Richard Richard - 5 months ago 30
SQL Question

SQL: two queries for different time periods, and calculate percentage change?

I am using BigQuery and have a table with three columsn:

district
(string),
price
(float) and
timestamp
). My table looks like this:

district price date
OOX 200 2015-01-01
00Y 213 2015-01-01
00X 215 2015-01-01


I want to calculate the mean price by district in 2005, the mean price by district in 2015, and the percentage difference between them. In other words, I'd like output that looks like this:

district price_2005 price_2015 percent_change
00X 125 205 0.64
00Y 116 200 0.72


The format of the
percent_change
column isn't critical - it could also be a percentage number, etc.

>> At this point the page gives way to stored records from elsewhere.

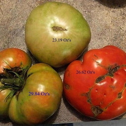 I got a late start on planting my own Steakhouse 7 inch starts from seed on 5-16-14. The pic below shows the first and biggest sample. I am 6 ft tall and the steakhouse tomato plant is 7 ft at the time of this pic and about 8 ft now (8-27-14) and still growing. The tomato is 1.5 lbs, and the succeeding ones are about 1 lb each. I do not pinch suckers, and grow them in wire cages, in Tennessee. My 10 ft corn is in the background.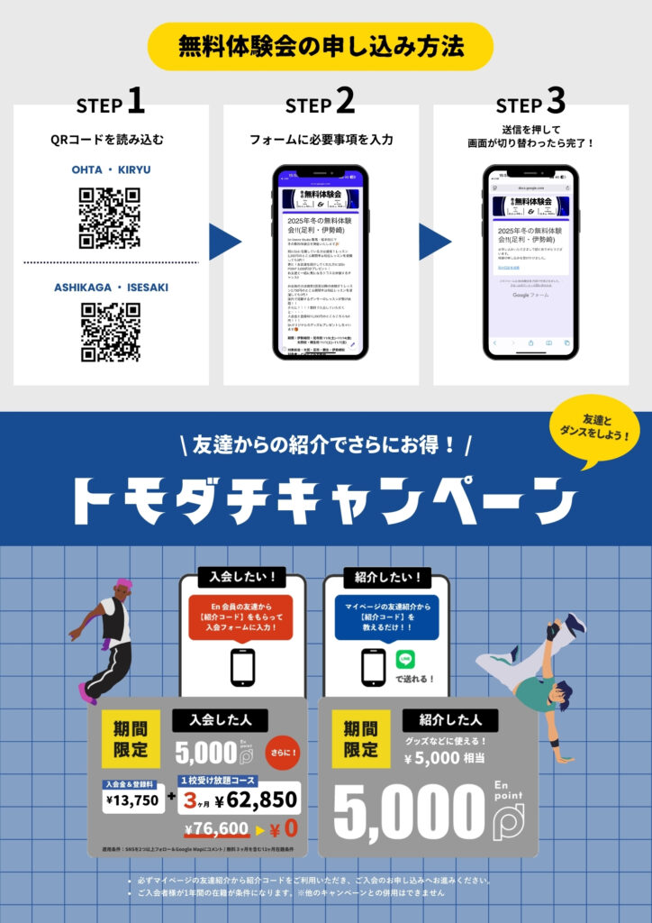 ・NACCHAN育成クラスのみ体験は可能ですが、在籍するためにはEn Dance Studio群馬・栃木校で育成クラスを含む2レッスン以上通っていただくことが条件となります。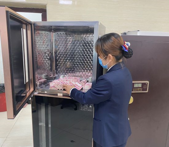三是现金消毒到位。严格落实现金收支两条线,对库存现金严格执行“先消毒、再清分“,利用紫外线消毒柜,每日入库现金全部经过紫外线消毒,同时对从医院、超市、农贸市场等渠道的回笼现金单独保管存放,单独消毒处理,单独封存上缴核算中心,并进行二次消毒处理,暂不对外流通。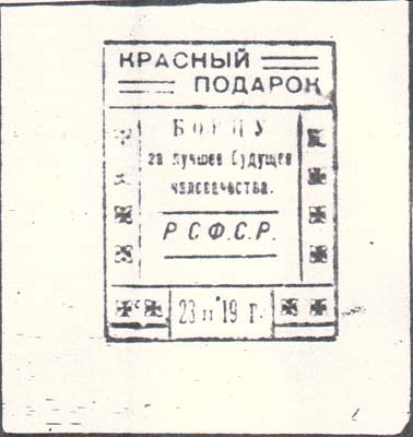 1919 г. 24.02.1919 г. Разм. 40 х 44 мм. Одноцветная печать на белой бумаге. Рисунок аналогичен предыдущему. Звезда с плугом и молотом в обрамлении венка. На ленте венка текст: «День красного офицера».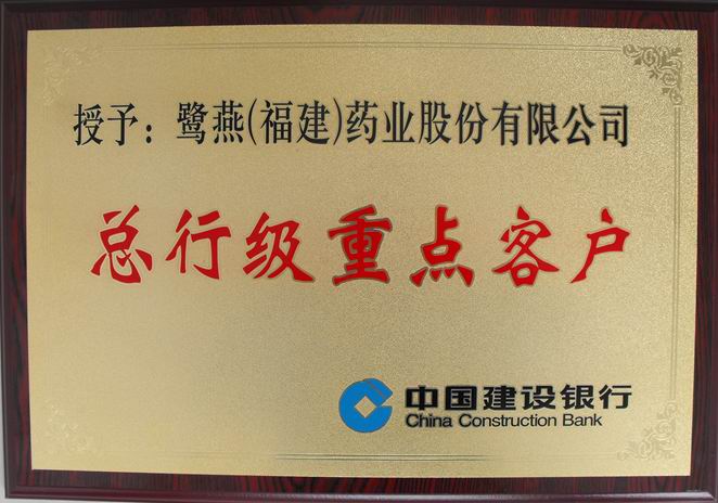 基于鷺燕企業(yè)優(yōu)異的業(yè)績表現(xiàn)、穩(wěn)健的經(jīng)營管理風格和良好的資信情況,經(jīng)過中國建設銀行的嚴格審評,近日,鷺燕(福建)藥業(yè)股份有限公司被認定為中國建設銀行“總行級重點客戶”。
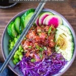 You can simply just make the poke salad itself (with either ahi or tofu) or create the whole Bowl, loaded up with veggies, rice and the Poke Bowl Sauce.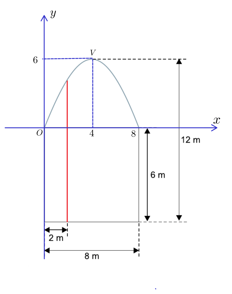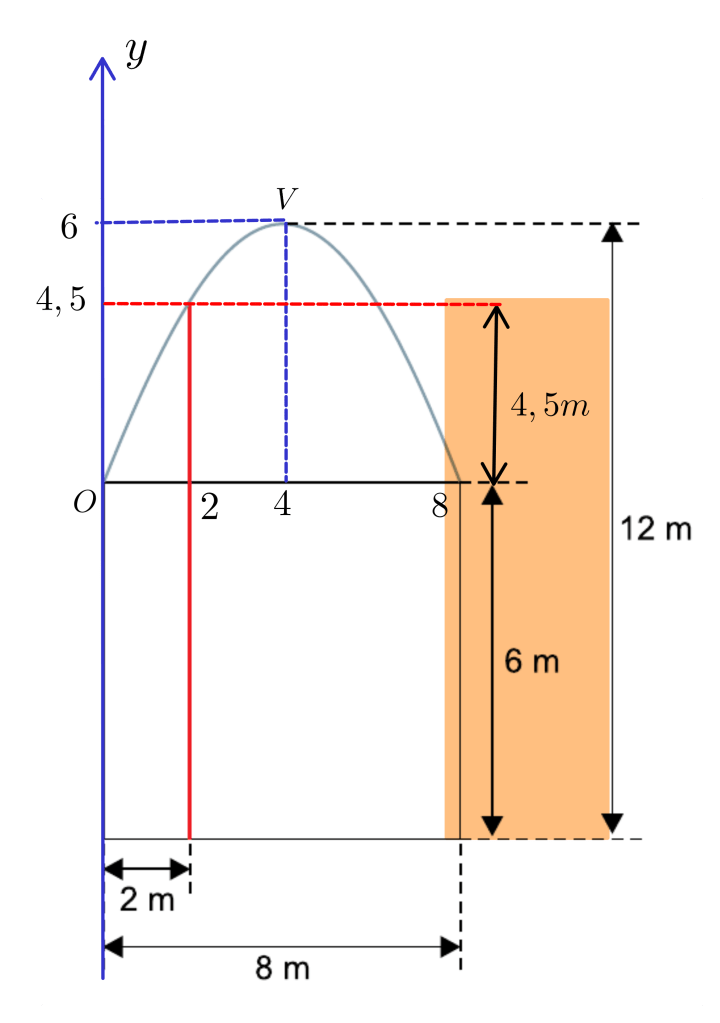 Vamos colocar a parábola em um plano cartesiano, de modo que a origem coincida com o vértice superior esquerdo da estrutura retangular.

How can I use BigQuery to do this? I've got this far:

SELECT district, AVG(price) AS price
FROM mytable
WHERE date BETWEEN TIMESTAMP('2005-01-01') AND TIMESTAMP('2015-12-31')
GROUP BY district


But I don't know how to get the remaining two columns without doing separate queries. Do I need a subquery?

Answer

You can do this using conditional aggregation. Using the legacy SQL interface:

select district,
       avg(case when year(date) = 2005 then price end) as price_2005,
       avg(case when year(date) = 2015 then price end) as price_2015,
       ((avg(case when year(date) = 2015 then price end) /
         avg(case when year(date) = 2005 then price end)
        ) - 1) as change
from t
group by district;

The idea is the same for the updated SQL interface, but the function for extracting the year is different.